■ Task to carry out ■
Drop every picture. Then return, exactly, the lines from the beginning of the listing below through the one containing "站立在篱芭旁边的女孩在白云和蓝天下的山附近 · 免费素材图片".

■ Entries provided ■
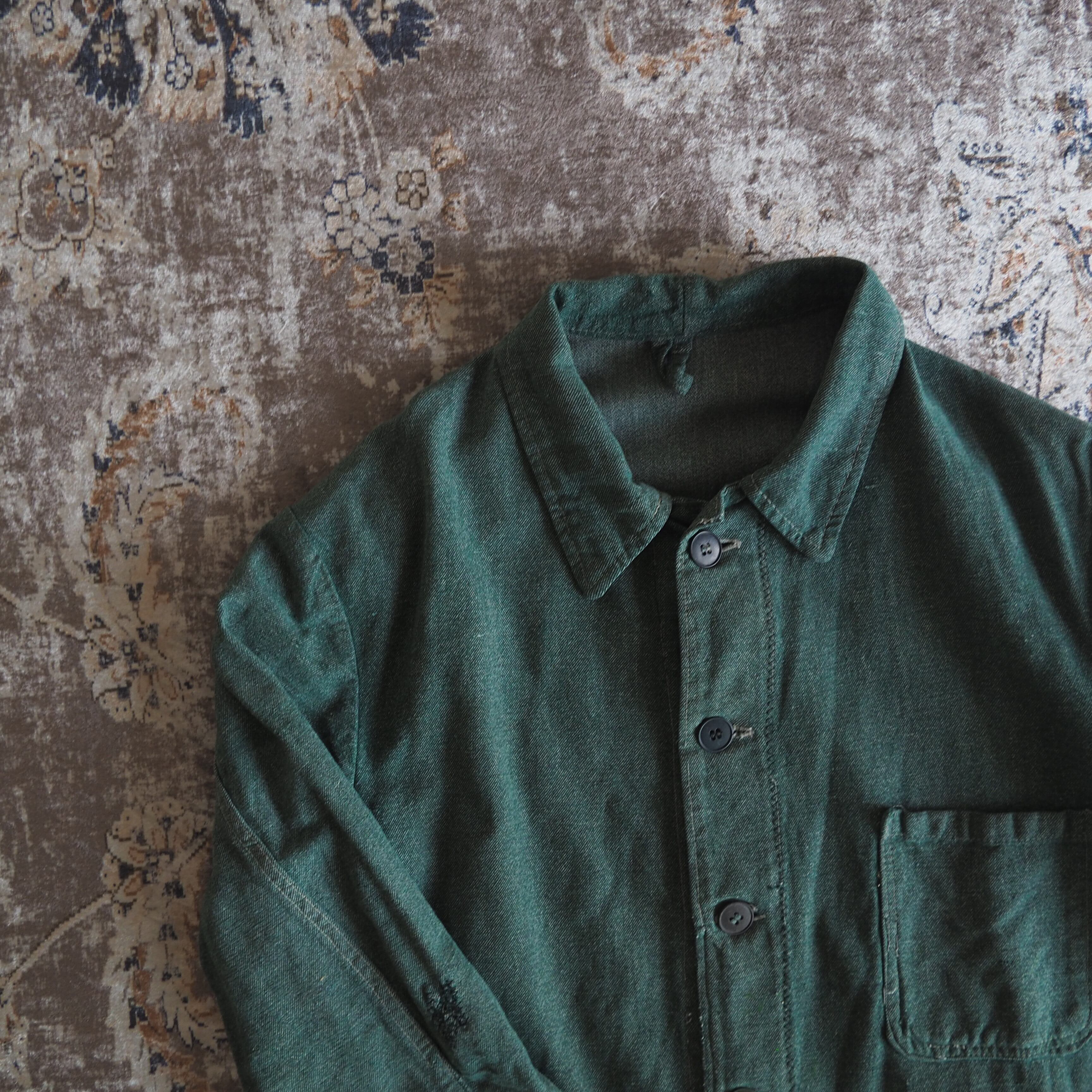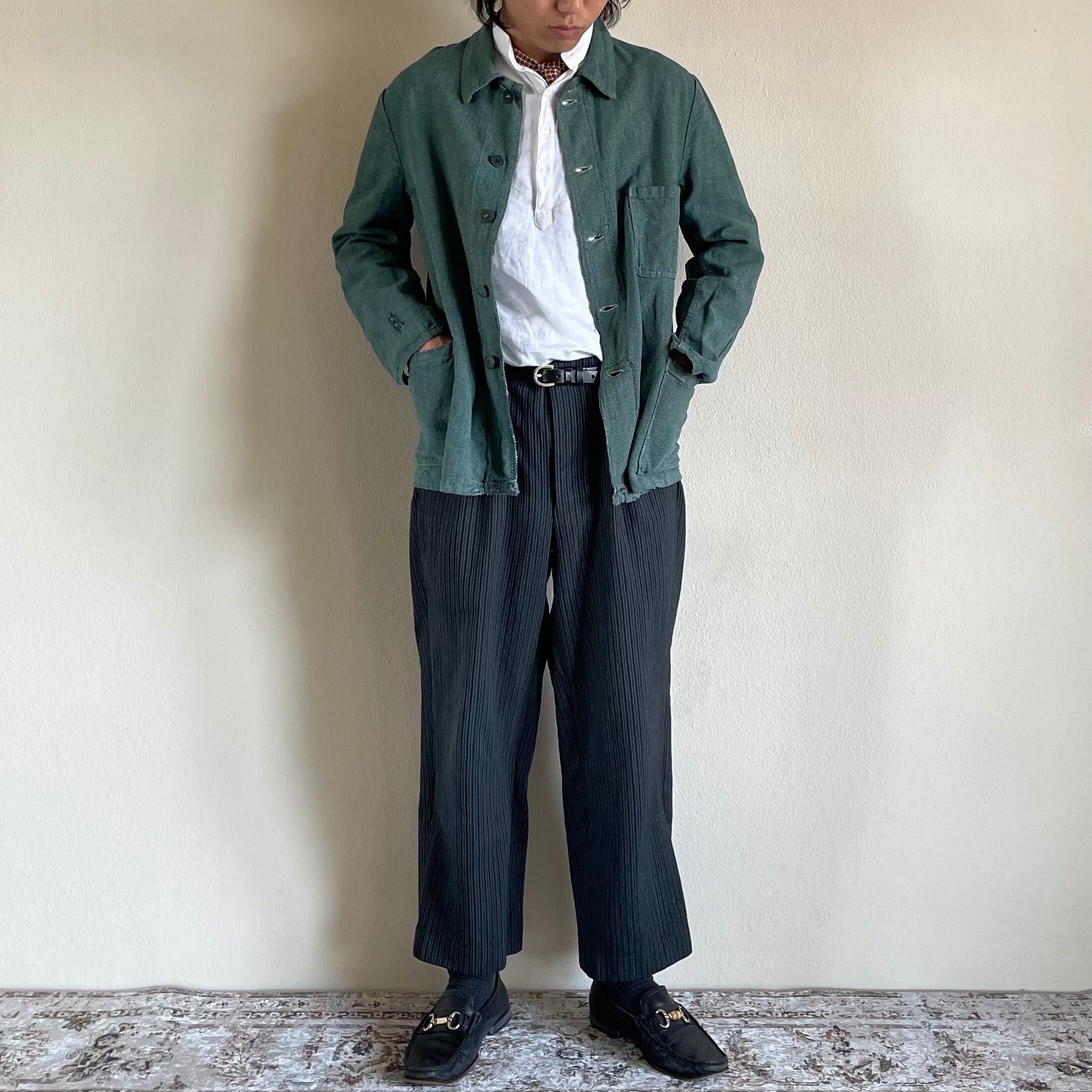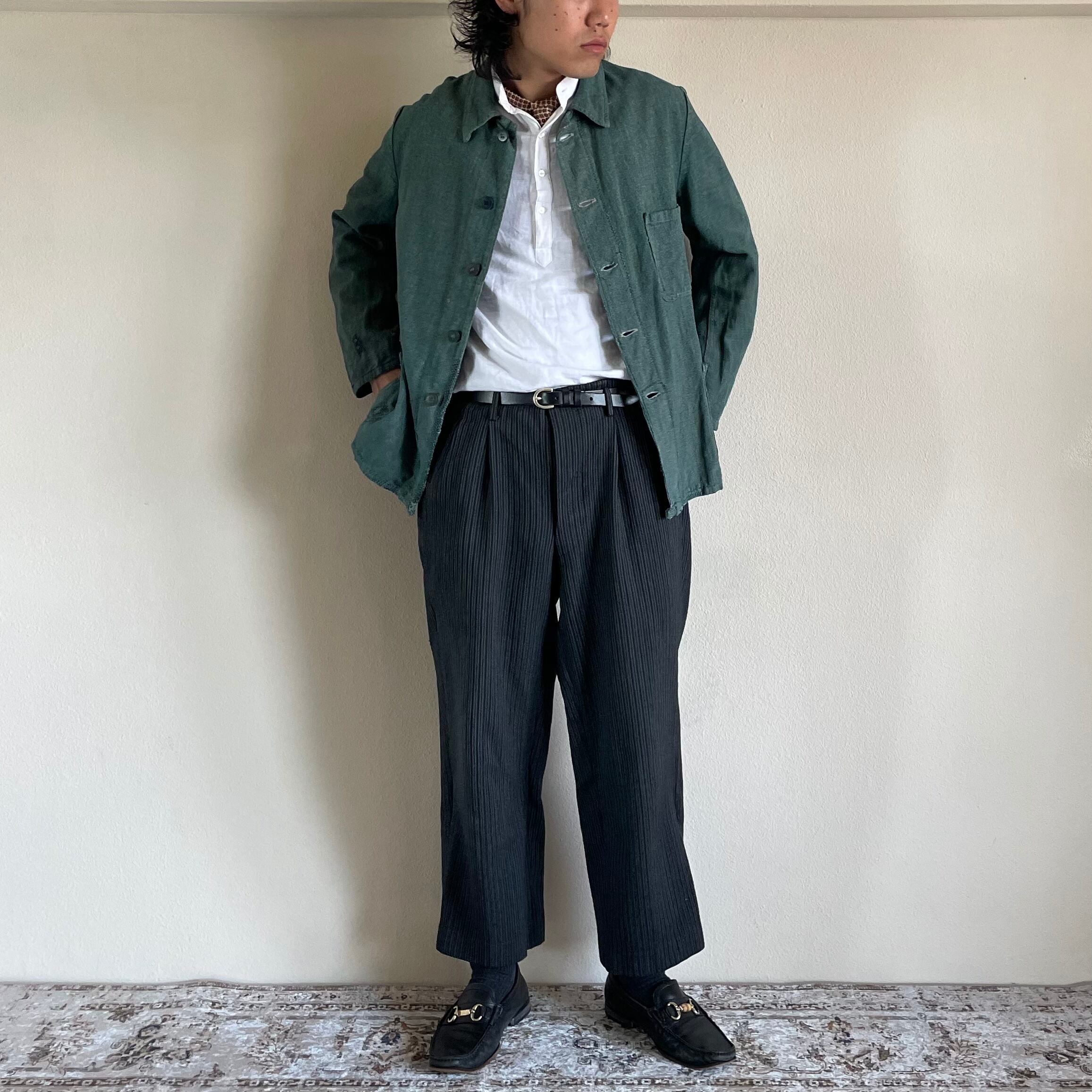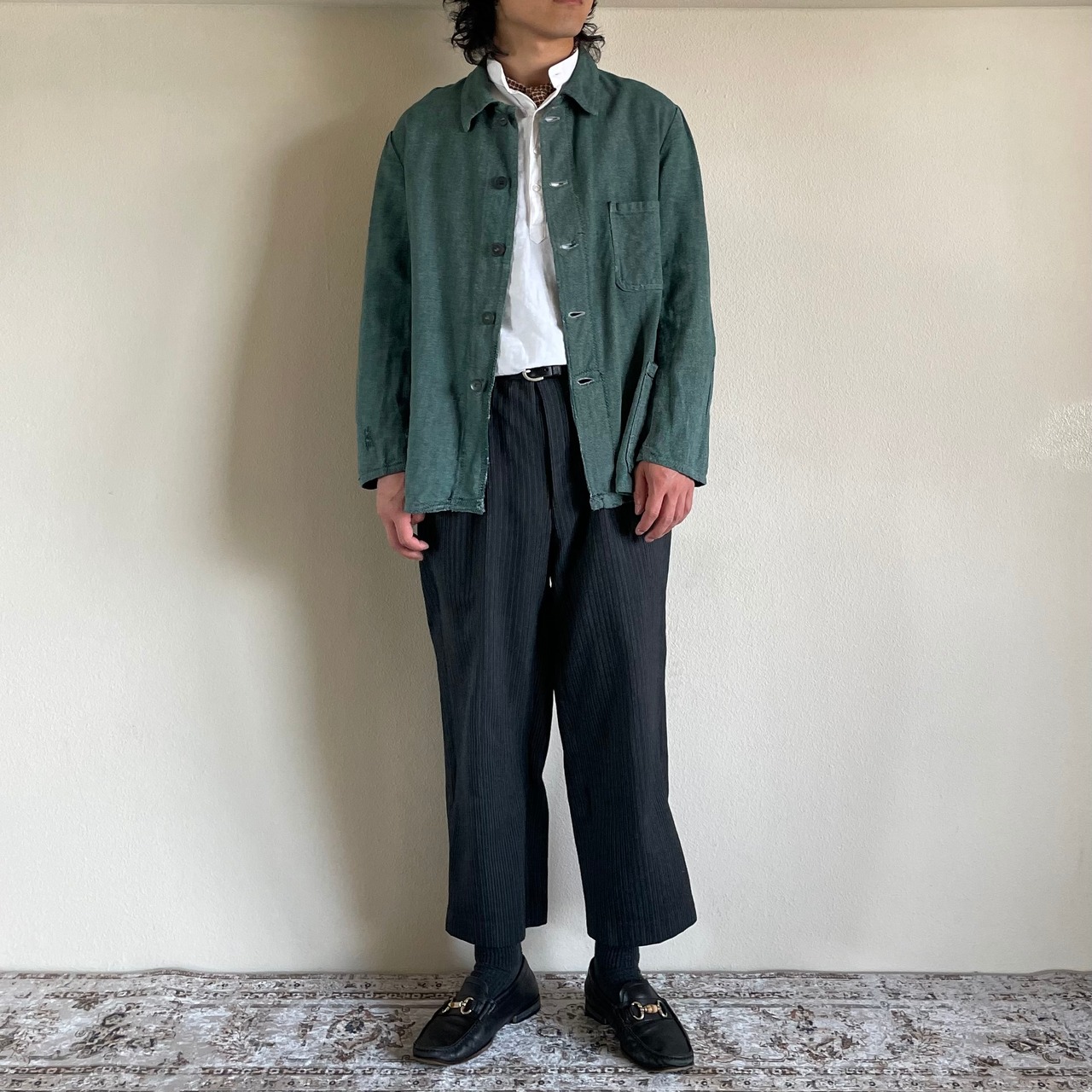 フロントにはポケットが3つ。バックにはベルトが付属します。落ち着いた色味が着こなしに取り入れやすいのでは無いでしょうか。所々に散見される手作業による丁寧なお直しの跡からは当ジャケットを受け継いできた人たちの温もりと愛着がひしひしと感じられます。
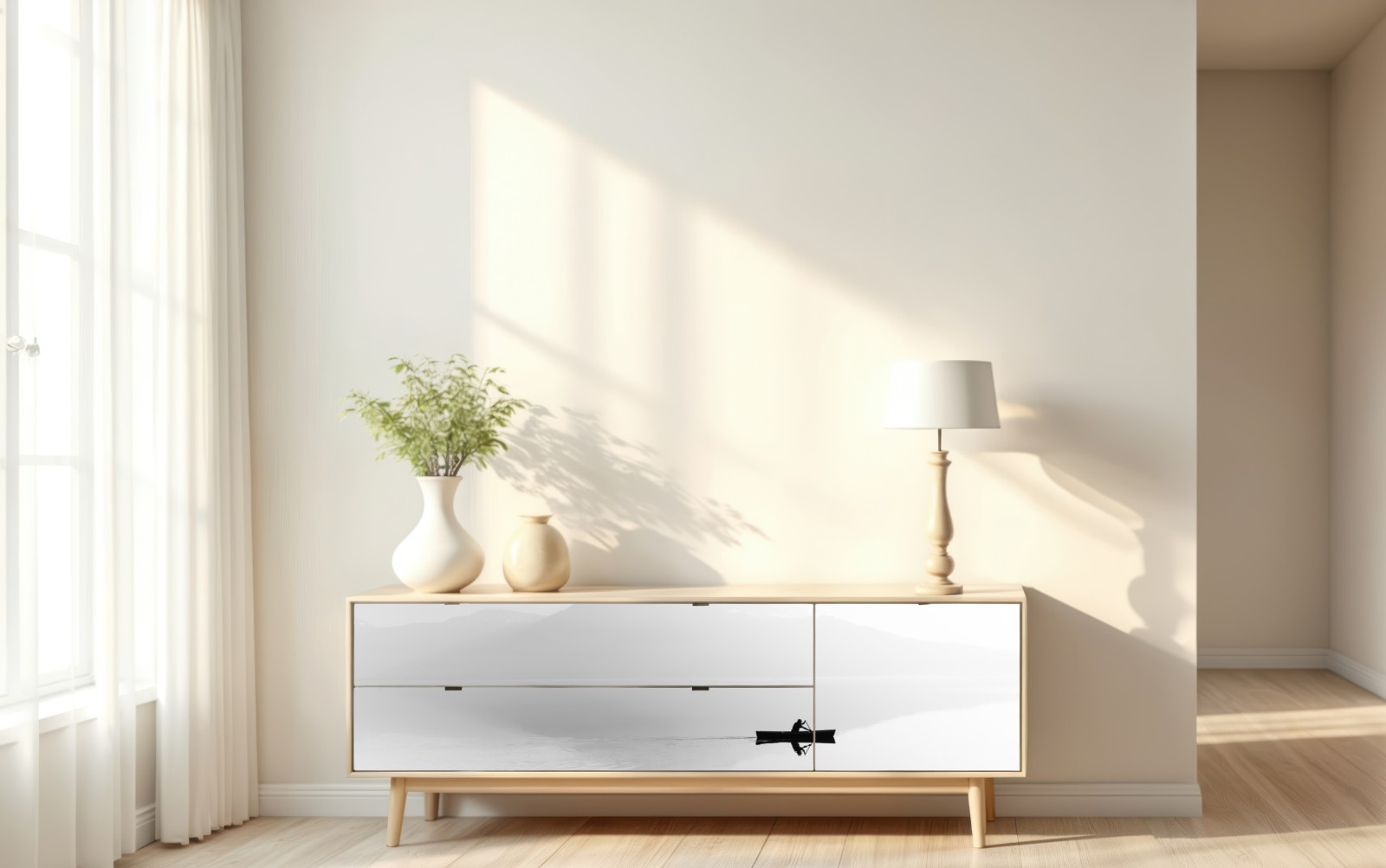 Repositionierbarer Aufkleber Einsamer ruderer auf einem nebligen see
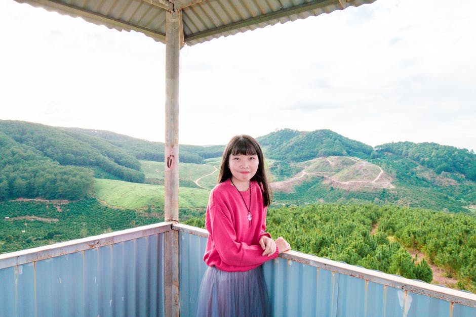站立在篱芭旁边的女孩在白云和蓝天下的山附近 · 免费素材图片
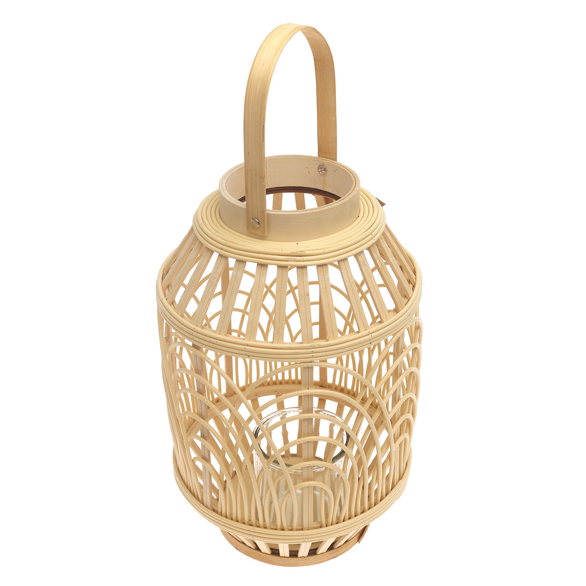 Bring natural warmth and effortless elegance into your space with this Medium Natural Handcrafted Hanging Lantern. Measuring 14 inches in height, this beautifully designed lantern features a smooth bamboo-style frame with an artistic arched open-weave pattern that softly diffuses light. The natural finish and curved silhouette create a calm, organic look that blends seamlessly with boho, coastal, farmhouse, and minimalist interiors. Designed with a sturdy bamboo handle, this lantern can be hung or placed on the floor or tabletop to create a cozy, inviting atmosphere using LED candles or decorative lights.
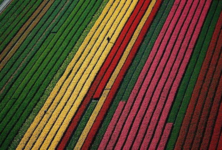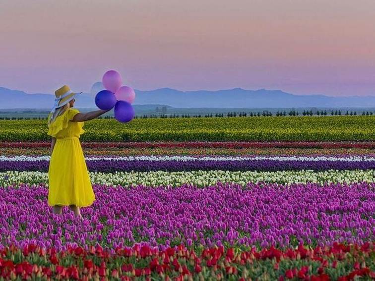 Su kanalları ve yemyeşil tarlalar arasında ilerlerken; turuncu, pembe, mor, kırmızı, sarı ve beyaz renklerde uzanan lale şeritleri Konya Ovası üzerinde adeta bir gökkuşağı oluşturur.
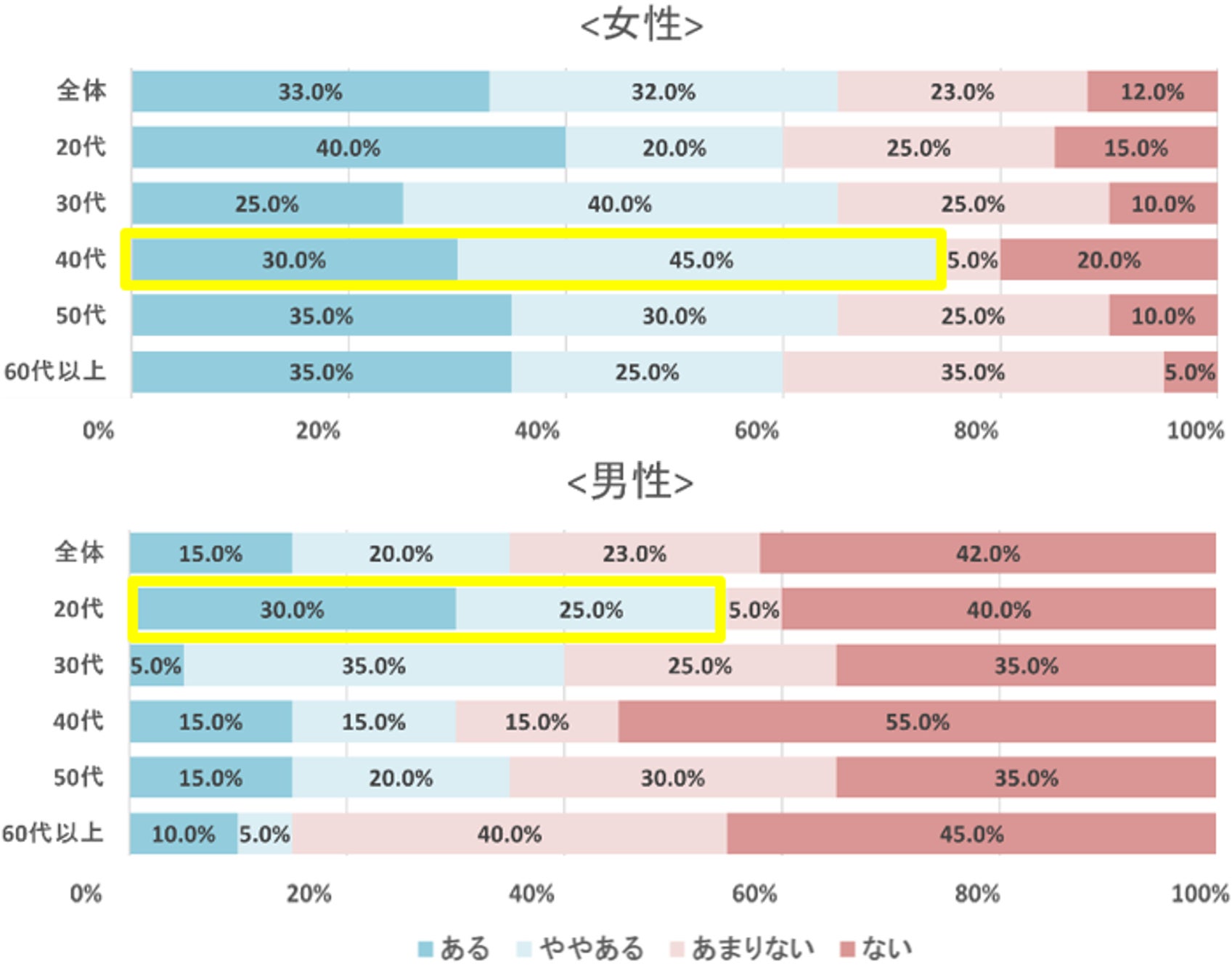 当社が行った調査では、全体の半数が冷え症であると回答しており、中でも女性は全世代で60%以上の方が冷え症を実感していることが分かりました。特に40代女性は75%と世代別で見ても高い結果となり、特に冷え症を実感している様子がうかがえます。
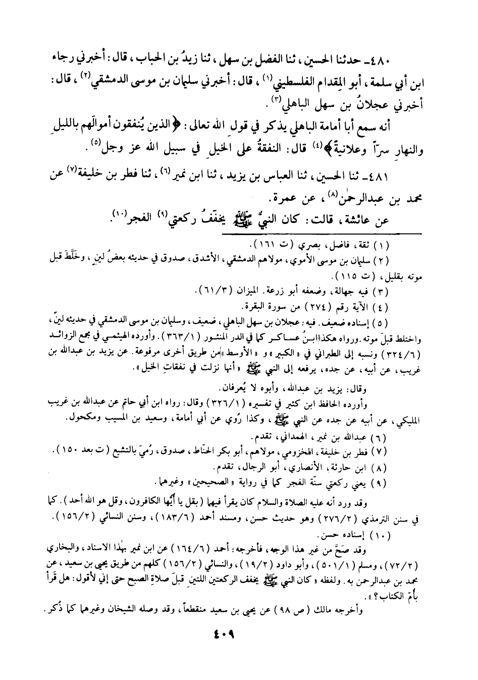 481 - ثنا الْحُسَيْنُ ثنا الْعَبَّاسِيُّ بْنُ يَزِيدَ، ثنا ابْنُ نُمَيْرٍ، ثنا فِطْرُ بْنُ خَلِيفَةَ، عَنْ مُحَمَّدِ بْنِ عَبْدِ الرَّحْمَنِ، عَنْ عَمْرَةَ، عَنْ عَائِشَةَ قَالَتْ: «كَانَ النَّبِيُّ صَلَّى اللهُ عَلَيْهِ وَسَلَّمَ §يُخَفِّفُ رَكْعَتَيِ الْفَجْرِ»
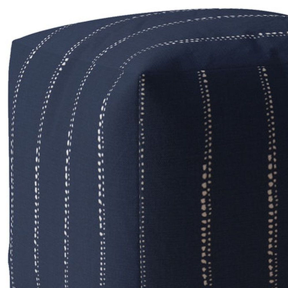Cotton Striped Pouf Cover - Blue
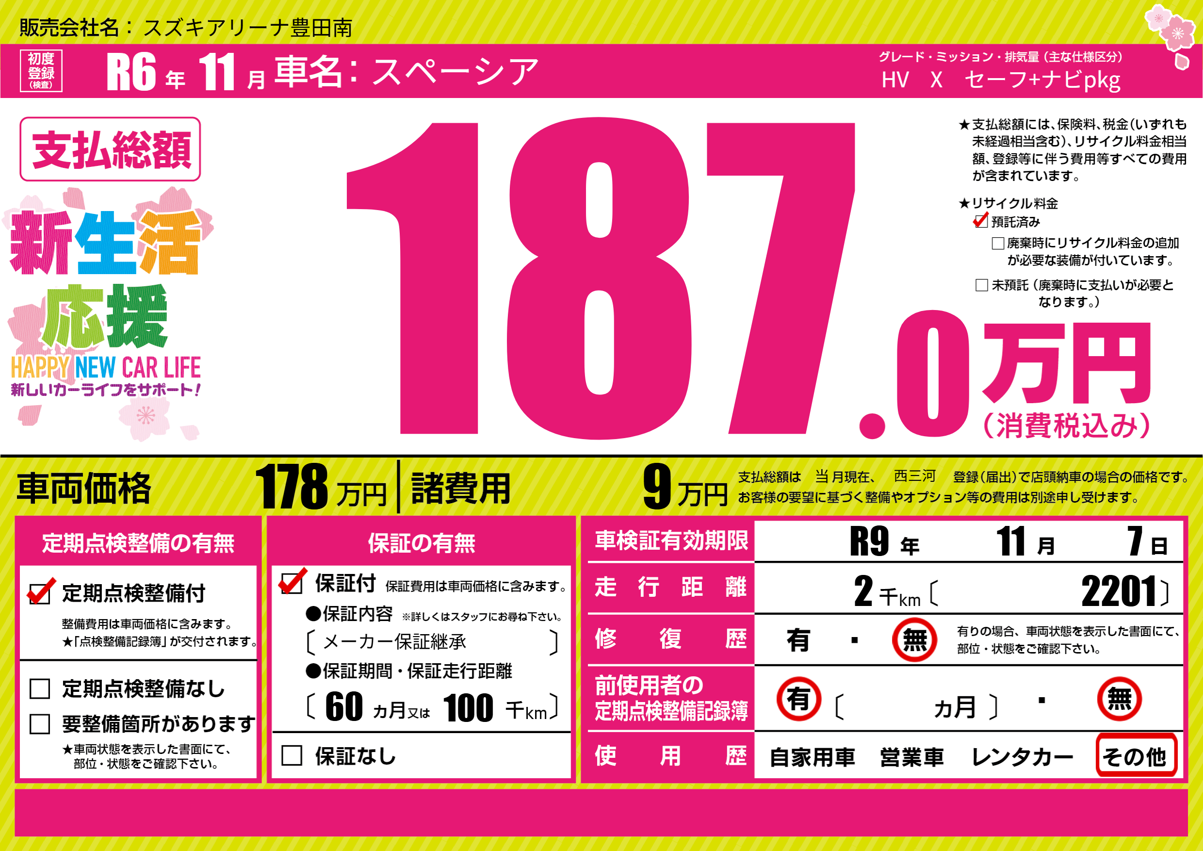 | 車名 | スペーシア | グレード ミッション 排気量 |

■ Answer for the task ■
 フロントにはポケットが3つ。バックにはベルトが付属します。落ち着いた色味が着こなしに取り入れやすいのでは無いでしょうか。所々に散見される手作業による丁寧なお直しの跡からは当ジャケットを受け継いできた人たちの温もりと愛着がひしひしと感じられます。
 Repositionierbarer Aufkleber Einsamer ruderer auf einem nebligen see
站立在篱芭旁边的女孩在白云和蓝天下的山附近 · 免费素材图片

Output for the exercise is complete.